[Action item]:
When writing out the entries below, keep only the lines from the line with "衿にシルバーのカラーチップを施したルーズシャツ。" to the line with "Cada peça de", both included, exactly as they are, and leave the pictures aside.

[Data to process]:

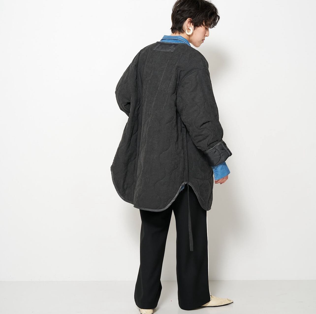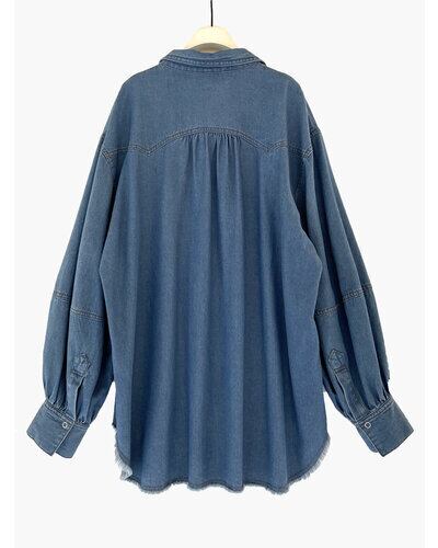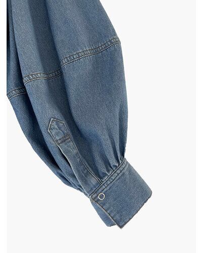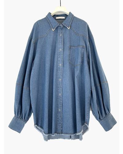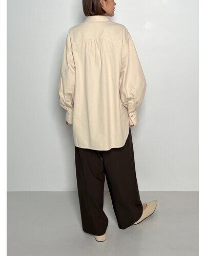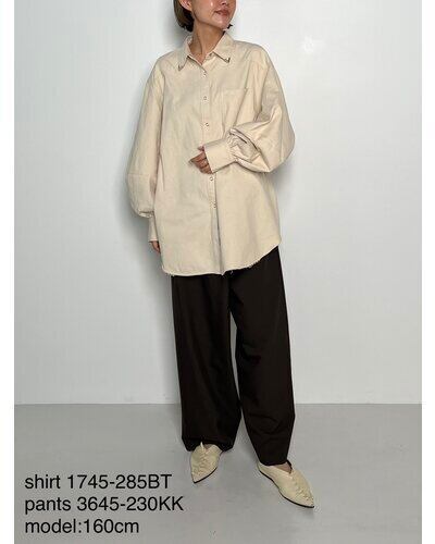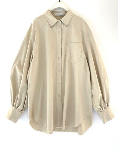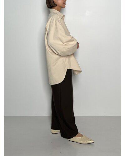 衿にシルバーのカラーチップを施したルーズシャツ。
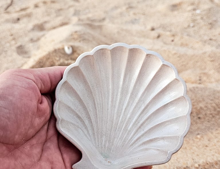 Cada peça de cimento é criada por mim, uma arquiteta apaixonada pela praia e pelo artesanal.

* * *

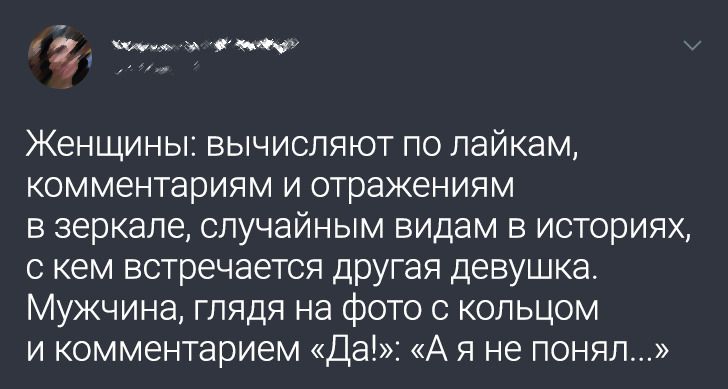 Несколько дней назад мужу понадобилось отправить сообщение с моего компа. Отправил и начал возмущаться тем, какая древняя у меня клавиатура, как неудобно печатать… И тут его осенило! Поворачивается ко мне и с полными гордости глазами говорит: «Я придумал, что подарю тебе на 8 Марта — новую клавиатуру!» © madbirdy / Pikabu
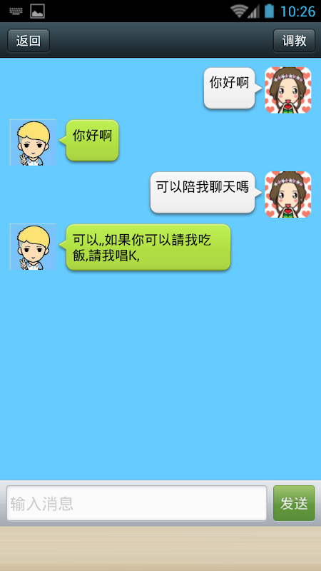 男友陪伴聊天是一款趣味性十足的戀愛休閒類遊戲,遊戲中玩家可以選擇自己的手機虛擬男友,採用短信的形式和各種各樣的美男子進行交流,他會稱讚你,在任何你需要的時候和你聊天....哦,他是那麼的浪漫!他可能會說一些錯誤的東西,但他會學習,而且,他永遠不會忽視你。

[Expected output]:
 衿にシルバーのカラーチップを施したルーズシャツ。
 Cada peça de cimento é criada por mim, uma arquiteta apaixonada pela praia e pelo artesanal.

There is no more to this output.